(Exercise goal): This task calls for the lines below starting at the one containing "Girls Cotton Sweater" and ending at the one containing "6830 - أَخْبَرَنَا", repeated exactly with both ends kept and pictures left out.

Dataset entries
● ● ● ● ● ● ●

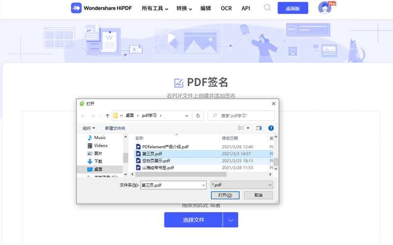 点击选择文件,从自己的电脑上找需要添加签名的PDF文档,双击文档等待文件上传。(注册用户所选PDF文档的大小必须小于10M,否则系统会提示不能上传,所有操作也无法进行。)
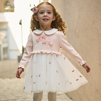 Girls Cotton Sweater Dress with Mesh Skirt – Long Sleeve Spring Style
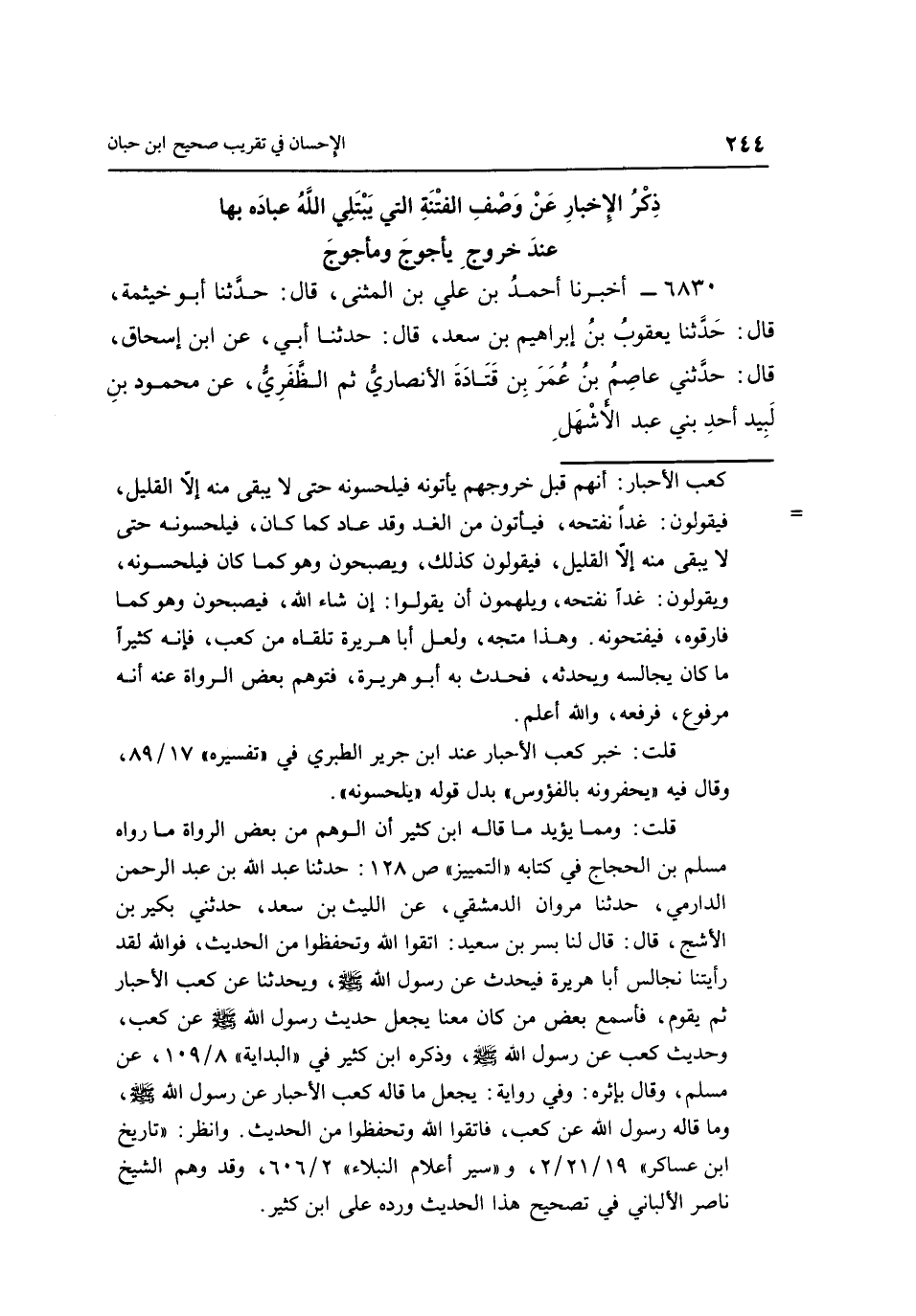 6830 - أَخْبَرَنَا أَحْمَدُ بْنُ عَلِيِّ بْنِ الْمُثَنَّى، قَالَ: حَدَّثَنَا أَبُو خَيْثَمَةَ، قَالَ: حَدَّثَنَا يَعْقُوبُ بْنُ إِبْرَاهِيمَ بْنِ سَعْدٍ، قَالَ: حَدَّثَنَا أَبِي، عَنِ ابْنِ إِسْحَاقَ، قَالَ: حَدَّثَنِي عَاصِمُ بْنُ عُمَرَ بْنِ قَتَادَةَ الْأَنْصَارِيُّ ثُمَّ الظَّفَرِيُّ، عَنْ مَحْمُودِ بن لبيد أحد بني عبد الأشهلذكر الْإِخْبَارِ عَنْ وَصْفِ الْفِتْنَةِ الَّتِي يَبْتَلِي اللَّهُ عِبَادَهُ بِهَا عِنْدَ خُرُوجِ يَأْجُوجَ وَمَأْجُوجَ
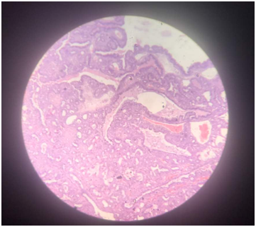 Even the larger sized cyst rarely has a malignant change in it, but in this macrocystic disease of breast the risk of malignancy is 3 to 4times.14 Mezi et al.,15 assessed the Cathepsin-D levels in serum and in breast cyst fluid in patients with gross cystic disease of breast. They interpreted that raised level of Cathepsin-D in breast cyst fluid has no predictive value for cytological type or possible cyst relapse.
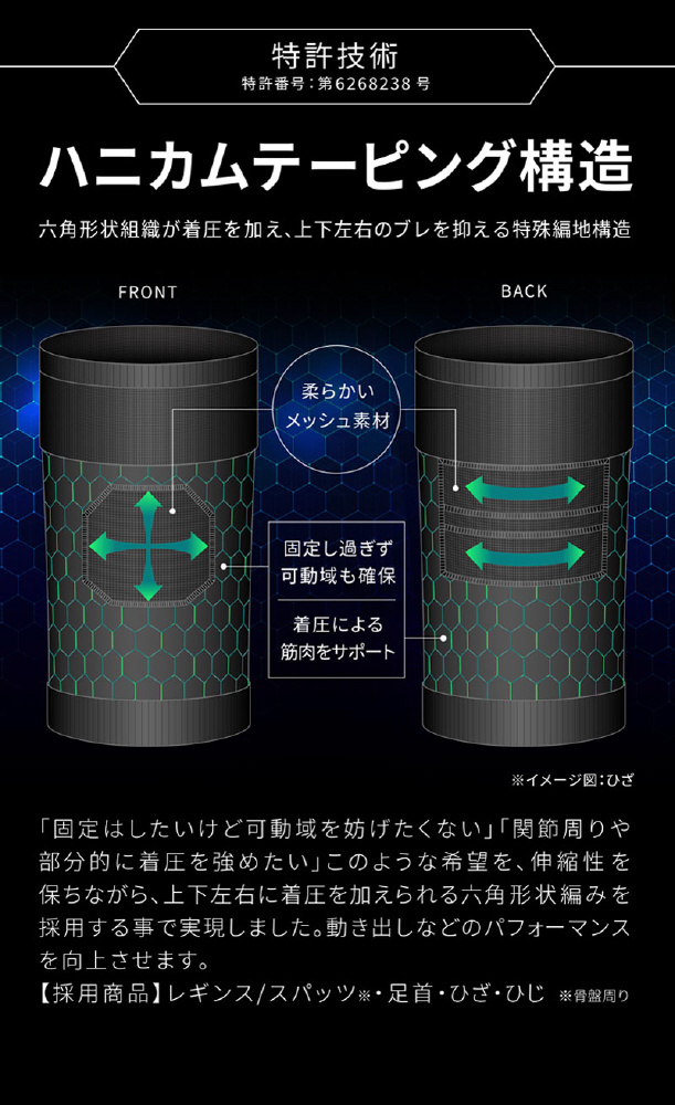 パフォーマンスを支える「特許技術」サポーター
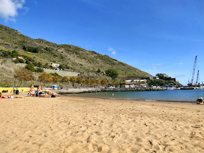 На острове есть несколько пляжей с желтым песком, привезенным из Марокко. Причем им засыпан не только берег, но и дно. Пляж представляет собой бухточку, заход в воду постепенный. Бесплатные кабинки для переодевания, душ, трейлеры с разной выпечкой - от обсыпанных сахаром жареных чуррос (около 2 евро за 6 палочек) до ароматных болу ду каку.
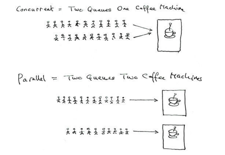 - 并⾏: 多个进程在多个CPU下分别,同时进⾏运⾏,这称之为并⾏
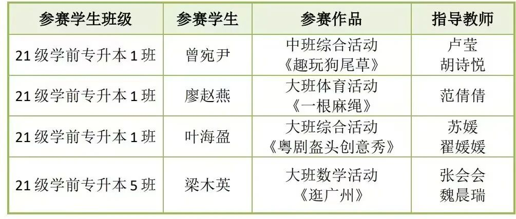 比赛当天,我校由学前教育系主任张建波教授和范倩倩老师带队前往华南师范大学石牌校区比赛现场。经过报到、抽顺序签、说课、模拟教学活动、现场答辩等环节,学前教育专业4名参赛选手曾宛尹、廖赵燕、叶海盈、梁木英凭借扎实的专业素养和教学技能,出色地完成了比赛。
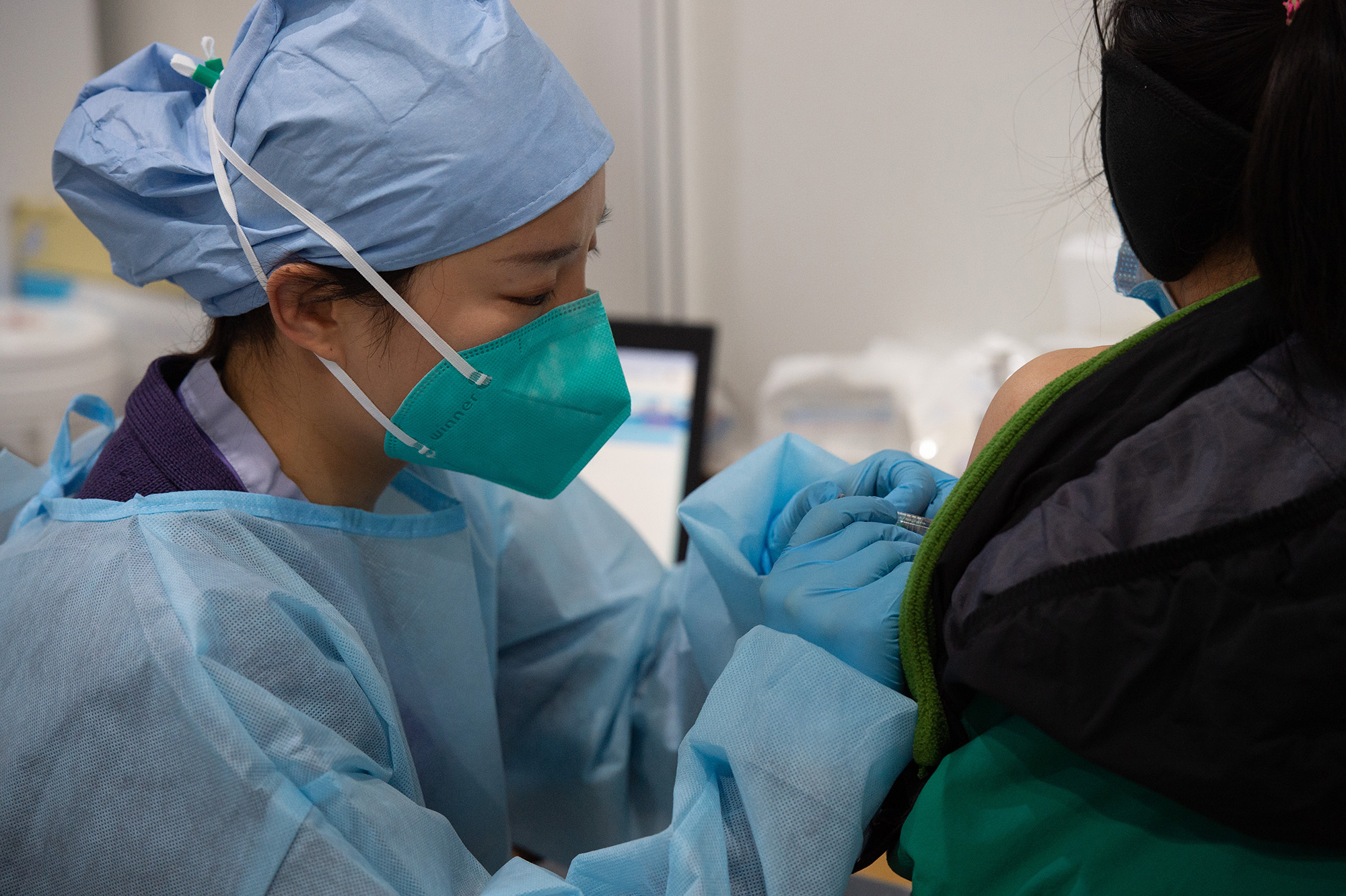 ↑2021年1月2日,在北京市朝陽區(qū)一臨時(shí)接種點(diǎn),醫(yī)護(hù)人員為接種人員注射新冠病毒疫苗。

● ● ● ● ● ● ●

(Response to the exercise):
 Girls Cotton Sweater Dress with Mesh Skirt – Long Sleeve Spring Style
 6830 - أَخْبَرَنَا أَحْمَدُ بْنُ عَلِيِّ بْنِ الْمُثَنَّى، قَالَ: حَدَّثَنَا أَبُو خَيْثَمَةَ، قَالَ: حَدَّثَنَا يَعْقُوبُ بْنُ إِبْرَاهِيمَ بْنِ سَعْدٍ، قَالَ: حَدَّثَنَا أَبِي، عَنِ ابْنِ إِسْحَاقَ، قَالَ: حَدَّثَنِي عَاصِمُ بْنُ عُمَرَ بْنِ قَتَادَةَ الْأَنْصَارِيُّ ثُمَّ الظَّفَرِيُّ، عَنْ مَحْمُودِ بن لبيد أحد بني عبد الأشهلذكر الْإِخْبَارِ عَنْ وَصْفِ الْفِتْنَةِ الَّتِي يَبْتَلِي اللَّهُ عِبَادَهُ بِهَا عِنْدَ خُرُوجِ يَأْجُوجَ وَمَأْجُوجَ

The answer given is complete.